On one of his “good days,” he told me. A day when he could get out of bed and maneuver around on his wheels.

And now, sharing a six pack I brought, on the shaded porch that overlooked the ball field at Cormier Memorial, watching a September shower muddy up the world, I told him the whole story, and gave him the Purple Heart I’d taken from Steensen’s cabin.

Which he held and looked at for a long, quiet time, then finally said, “Crash got this saving my ass.”

“Oh?”

He nodded. “In Nam, a zillion years ago.”

I watched him remember.

“I’d only been in-country about a week,” he told me, “and my chopper went down up near Phu Bai. Dislocated my shoulder.” He shook his head. “The area was red with Cong, but old Crash come lookin’ for me anyway, and got me out.” He frowned sharply. “We was about a mile from the LZ, and we started taking ground fire, and a round hit Crash—” He pointed to his left temple. “—right there. Took out a chunk of brain. Blood everywhere.” He shook his head again. “Don’t know how he got us down to the LZ in one piece.”

“A good man,” I said.

Scotty nodded, sipped beer, and sighed. “Didn’t stay in touch with him much over the years,” he told me quietly. “Like I should have.”

“It’s like we’re all related,” I said. “Crash saved your ass, you saved mine.”

Scotty shrugged, then frowned at me. “So what did he do with the money?” he asked. “Gettis, I mean.”

I finished off the can of beer I held, and opened another saying, “Fourteen million, five hundred and fifty thousand in bearer bonds.”

“Whoa!”

I laughed, sipped some of my own beer, and said, “Turns out, he gave it away.”

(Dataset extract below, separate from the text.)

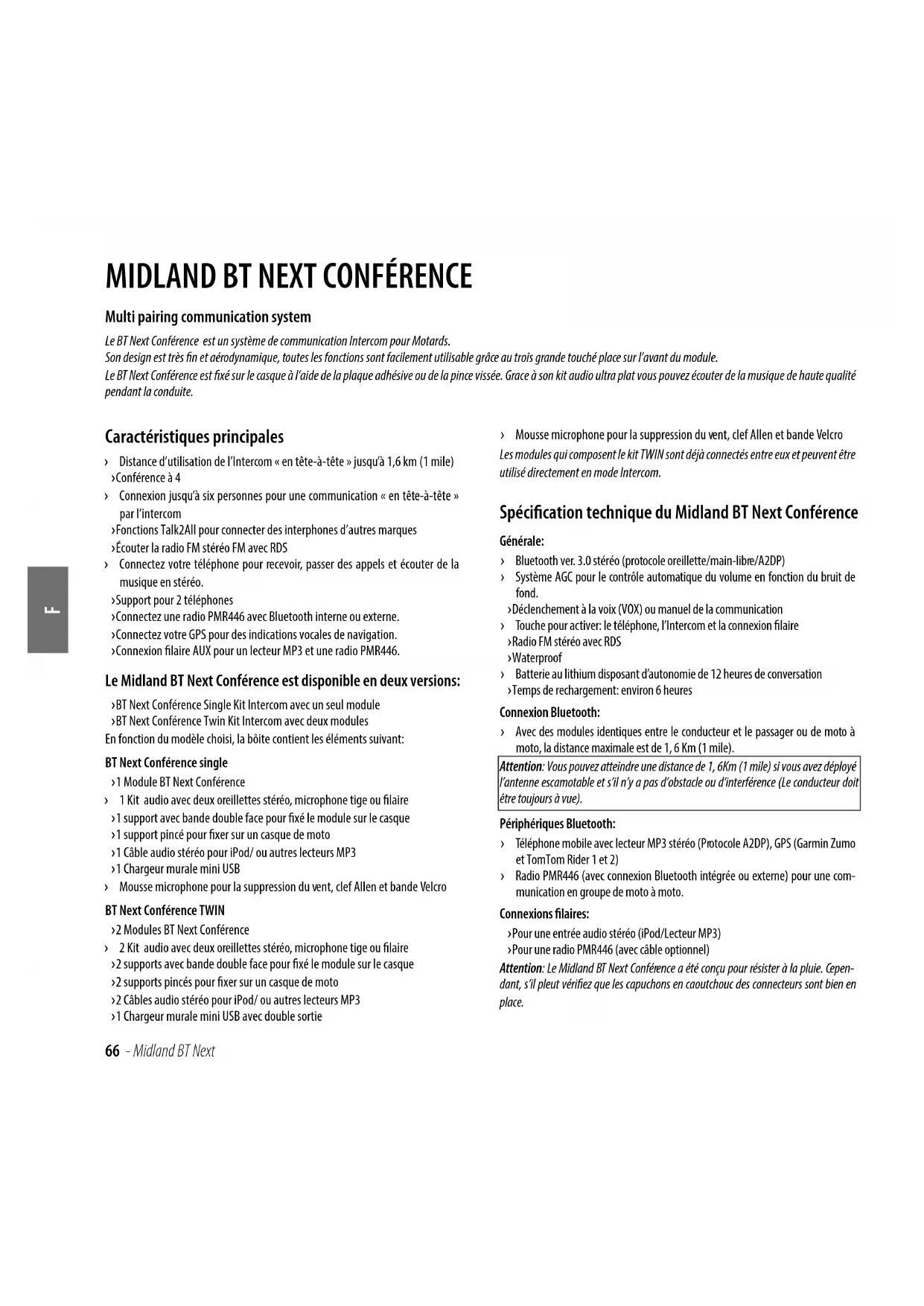 Multi pairing communication system Le BT Next Conférence est un système de communication Intercom pour Motards. Son design est très n et aérodynamique, toutes les fonctions sont facilement utilisable grâce au trois grande touché place sur l’avant du module. Le BT Next Conférence est xé sur le casque à l’aide de la plaque adhésive ou de la pince vissée. Grace à son kit audio ultra plat vous pouvez écouter de la musique de haute qualité pendant la conduite. Caractéristiques principales › Distance d’utilisation de l’Intercom « en tête-à-tête » jusqu’à 1,6 km (1 mile) › Conférence à 4 › Connexion jusqu’à six personnes pour une communication « en tête-à-tête » par l’intercom › Fonctions Talk2All pour connecter des interphones d’autres marques › Écouter la radio FM stéréo FM avec RDS › Connectez votre téléphone pour recevoir, passer des appels et écouter de la musique en stéréo. › Support pour 2 téléphones › Connectez une radio PMR446 avec Bluetooth interne ou externe. › Connectez votre GPS pour des indications vocales de navigation. › Connexion laire AUX pour un lecteur MP3 et une radio PMR446. Le Midland BT Next Conférence est disponible en deux versions: › BT Next Conférence Single Kit Intercom avec un seul module › BT Next Conférence Twin Kit Intercom avec deux modules En fonction du modèle choisi, la bôite contient les éléments suivant:BT Next Conférence single › 1 Module BT Next Conférence › 1 Kit audio avec deux oreillettes stéréo, microphone tige ou laire › 1 support avec bande double face pour xé le module sur le casque › 1 support pincé pour xer sur un casque de moto › 1 Câble audio stéréo pour iPod/ ou autres lecteurs MP3 › 1 Chargeur murale mini USB › Mousse microphone pour la suppression du vent, clef Allen et bande Velcro BT Next Conférence TWIN › 2 Modules BT Next Conférence › 2 Kit audio avec deux oreillettes stéréo, microphone tige ou laire › 2 supports avec bande double face pour xé le module sur le casque › 2 supports pincés pour xer sur un casque de moto › 2 Câbles audio stéréo pour iPod/ ou autres lecteurs MP3 › 1 Chargeur murale mini USB avec double sortie › Mousse microphone pour la suppression du vent, clef Allen et bande Velcro Les modules qui composent le kit TWIN sont déjà connectés entre eux et peuvent être utilisé directement en mode Intercom. Spécification technique du Midland BT Next Conférence Générale: › Bluetooth ver. 3.0 stéréo (protocole oreillette/main-libre/A2DP) › Système AGC pour le contrôle automatique du volume en fonction du bruit de fond. › Déclenchement à la voix (VOX) ou manuel de la communication › Touche pour activer: le téléphone, l’Intercom et la connexion laire › Radio FM stéréo avec RDS › Waterproof › Batterie au lithium disposant d’autonomie de 12 heures de conversation › Temps de rechargement: environ 6 heuresConnexion Bluetooth: › Avec des modules identiques entre le conducteur et le passager ou de moto à moto, la distance maximale est de 1, 6 Km (1 mile). Attention: Vous pouvez atteindre une distance de 1, 6Km (1 mile) si vous avez déployé l’antenne escamotable et s’il n’y a pas d’obstacle ou d’interférence (Le conducteur doit être toujours à vue).Périphériques Bluetooth: › Téléphone mobile avec lecteur MP3 stéréo (Protocole A2DP), GPS (Garmin Zumo et TomTom Rider 1 et 2) › Radio PMR446 (avec connexion Bluetooth intégrée ou externe) pour une com- munication en groupe de moto à moto. Connexions filaires: › Pour une entrée audio stéréo (iPod/Lecteur MP3) › Pour une radio PMR446 (avec câble optionnel) Attention: Le Midland BT Next Conférence a été conçu pour résister à la pluie. Cepen- dant, s’il pleut vériez que les capuchons en caoutchouc des connecteurs sont bien en place.F Midland BT Next - 67 Rechargement des batteries Attention: Assurez-vous le module soit totalement chargé avant son utilisation. Avant sa première utilisation pour un rechargement totale il faut laissez le module au moins 8 heures en charge. Charger le module en connectant le chargeur mural dans la prise de recharge- ment (soulevez le capuchon pour insérer la prise). La LED rouge sur le module clignote pendant le chargement. Laissez en charge jusqu’à ce que le module cesse de clignoter ou que la LED passé au bleu. Quand la charge est complète (La LED rouge ne clignote plus), retirez le module du chargeur. Normalement, après la première utilisation, il faut 6 heures pour un recharge- ment complet. Attention: à chaque fois que le chargeur mini USB est connecté (ou déconnecté), le module est automatiquement éteint. Pour pouvoir l’utiliser pendant le chargement, il faut allumer le module avec le chargeur déjà connecté. Description du module et fixation Description du BT Next Conférence Le BT Next Conférence possède 5 touches sur l’avant. Les trois principaux sont : Avancé (sur la gauche), la touché centrale et Reculer (sur la droite). Les deux peti- tes touches sont: Volume + et Volume -. Centrale Volume -Volume + Avant Arrière Description des connexions filaires › Jack de charge: Permet de recharger le module à l’aide d’un chargeur standard mini USB. › Jack kit audio: Permet de connecter le kit audio (Oreillette stéréo et micro- phone) › Jack Auxiliaire Audio (AUX) 2.5mm : Peut être utilisé pour connecter une source audio tel qu’un iPod/lecteur MP3, ou une radio PMR446 Jack de chargeJack kit audioJack Auxiliaire Audio (AUX) En plus le BT Next Conférence a une antenne escamotable sur le dessus pour un maximum de distance. Pour soulever l’antenne, appuyez doucement à l’arrière et l’antenne se relève automatiquement. Pour la rabattre, bascule l’antenne en arrière et appuyez en position fermée. Description du kit audio Le système audio comprend deux oreillettes ultra-plates stéréo et deux micros inter

Scotty stared. “You’re shittin’ me.”

I shook my head, then settled back in the big wicker chair I was in and explained. “Back fifteen years, three hurricanes, one after the other, hit the area down around Bayette hard. Dumped a lot of rain — too much — and Bayette was flooded out. Nothing was left.”

Scotty gave me a get-on-with-it hand wave.

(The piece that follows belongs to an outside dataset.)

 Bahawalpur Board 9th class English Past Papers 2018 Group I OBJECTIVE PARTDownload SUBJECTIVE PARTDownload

“Bayette’s a real small town,” I went on, “right on the Neuse, and it had been flooded out before, and the man I talked to told me the people there just lost their will to start over. There wasn’t enough money coming in to rebuild anyway, so the town was going to disappear.” I smiled. “Harold Gettis had just been made chief of police of a town that wasn’t there anymore.”

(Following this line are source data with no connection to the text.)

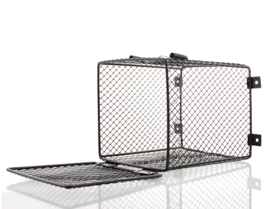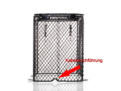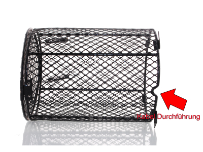 Unser Lampenschutzkorb ist mit vier Befestigungshaken ausgestattet, mit denen er direkt an der Decke des Terrariums befestigt werden kann. Zusätzlich verfügt er über eine Kabeldurchführung, für eine leichtere Verlegung des Stromkabels. Über den Deckel, der mit einem zusätzlichen Federverschluss gesichert ist, können Sie das Leuchtmittel bei unserem Lampenschutzkorb trotz Absicherung mit Leichtigkeit wechseln. Erhältlich ist unser Lampenschutzkorb in eckiger sowie runder Form. So finden Sie für jede Lampenfassung die passende Absicherung.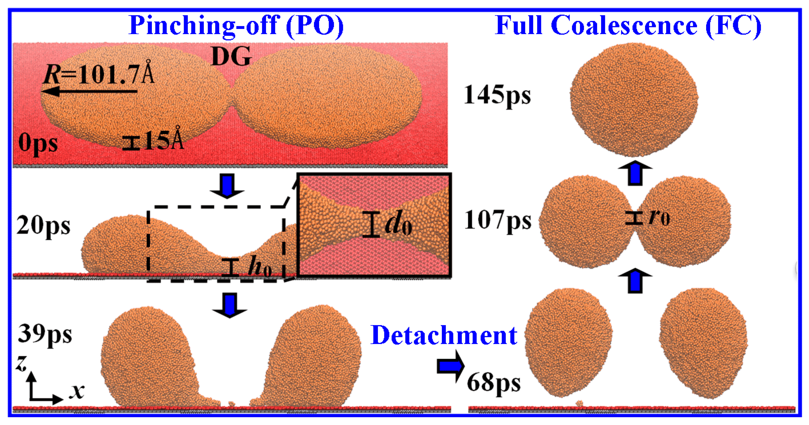 - Li, X.Y.; He, Y.Z.; Wang, Y.; Dong, J.C.; Li, H. Dewetting properties of metallic liquid film on nanopillared graphene. Sci. Rep. 2014, 4, 3938. [Google Scholar] [CrossRef]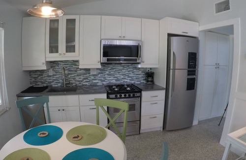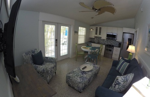 Just 300 steps from the beach, Harbor Lane Court is a 4 unit resort, with 3 one bedroom, one bath apartments, & one two-bedroom, 2 bath apartment. Look at our photos to see a site plan with all 4 units and their ID numbers & read their reviews. Renovated in 2016, all units are ground floor & this little resort has lots of Old Florida charm, with the original 1962 terrazzo floors and cathedral ceilings. Apartment #3 (Sanctuary) is one bedroom one bath & sleeps 4 adults comfortably with our queen size Bellagio Hotel mattress and a full-size sleeper sofa in the living room. All units are full apartments & feature new stainless steel appliances: full-size refrigerator with ice maker, natural gas range/oven, microwave, and dishwasher.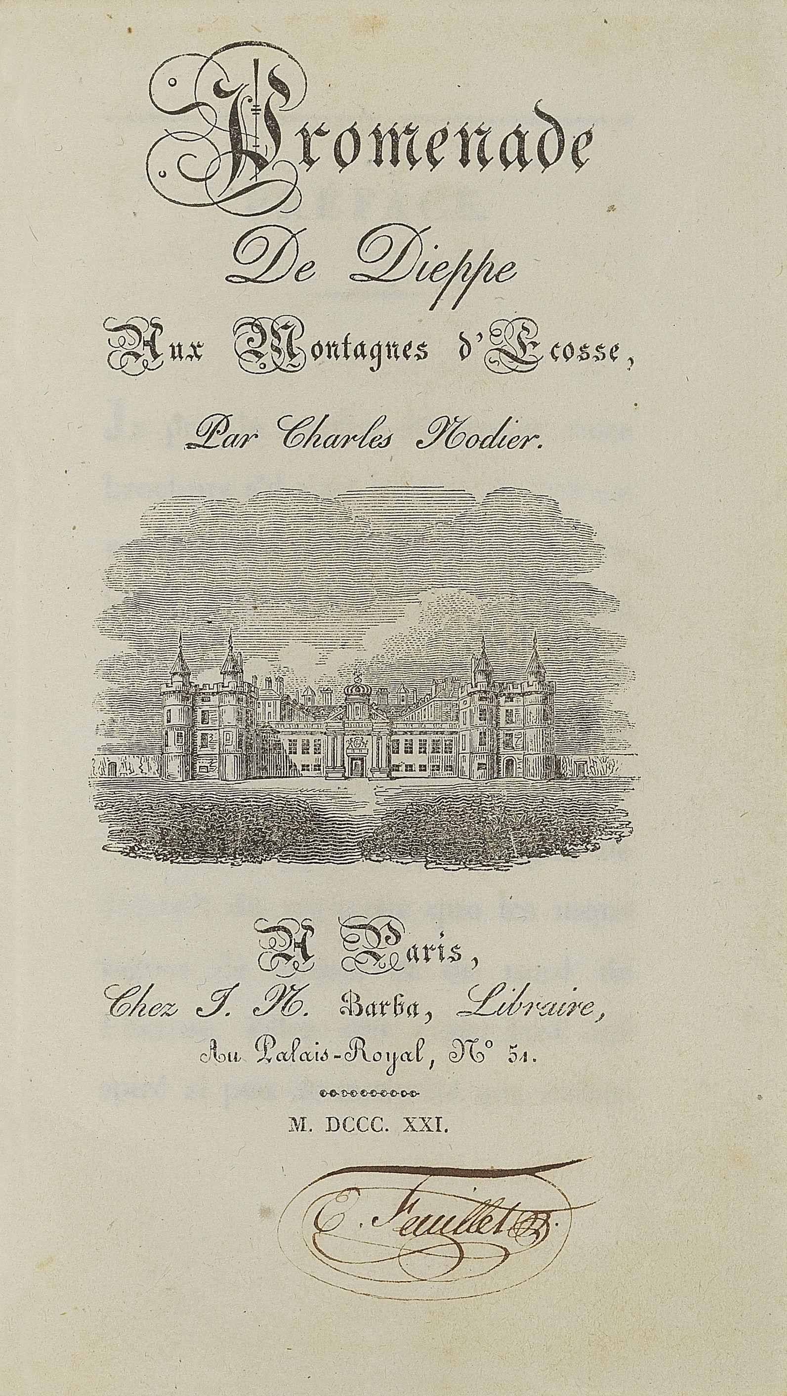 4435. NODIER (Charles : Promenade de Dieppe aux montagnes d’Ecosse. Paris, Barba, 1821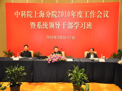 3月16日至17日,上海分院举行2010年度工作会议暨领导干部学习班。中科院副院长江绵恒同志出席会议并做重要讲话。会议分别由上海分院党组书记、常务副院长、沪区党委书记华仁长,副院长、党组副书记、沪区党委副书记王建宇主持。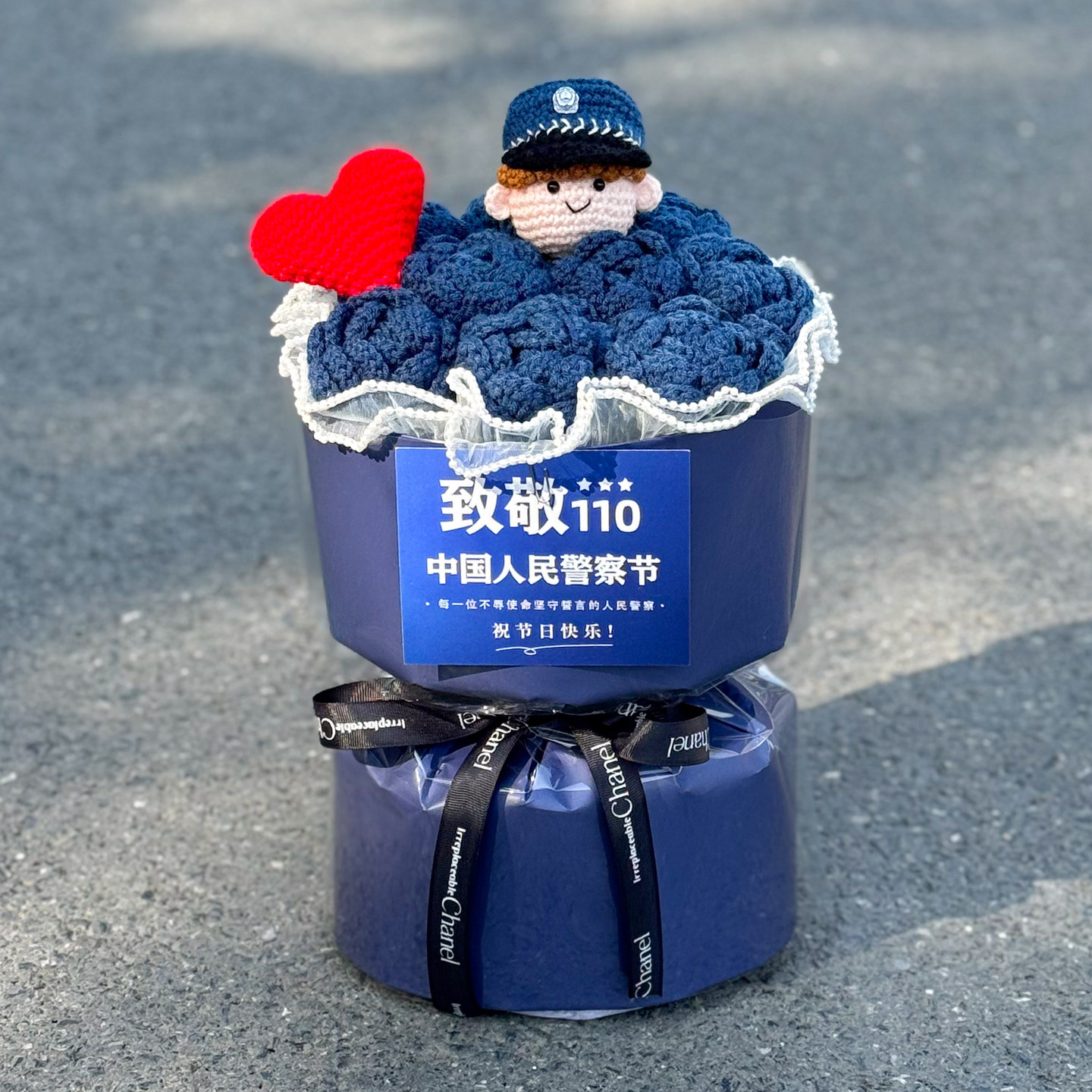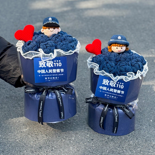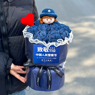 警察节手工编织毛线玫瑰花束送亲朋男女友朋友仪式 感惊喜创意礼物

I had some more of my beer. “But then Gettis stops a speeder, finds the money, and gets his big idea.”

“I’ll bet the sonofabitch did,” Scotty sneered.

I held a hand up. “Through a lawyer,” I told him, “who knows a lot more than he’ll admit to, Gettis made anonymous donations to people and to the town itself. Got homes rebuilt. Got a new levee constructed. Got better drainage. Kept Bayette on the map.”

“He gave it all away?” Scotty complained.

“No indication he ever spent a dime of that money on himself.”

He frowned all this over hard, then put his eyes back out into the rain-swept ball field, and for a while neither of us said anything, just watched the dark world outside, the rain sheeting across the field, the wind whipping some of the wet in on us. Then Scotty finished the can he was holding, popped another open, and said, “But — the sonofabitch killed Crash.”

I nodded, and agreed. “The sonofabitch killed Crash.”

And we mourned the loss of our brother.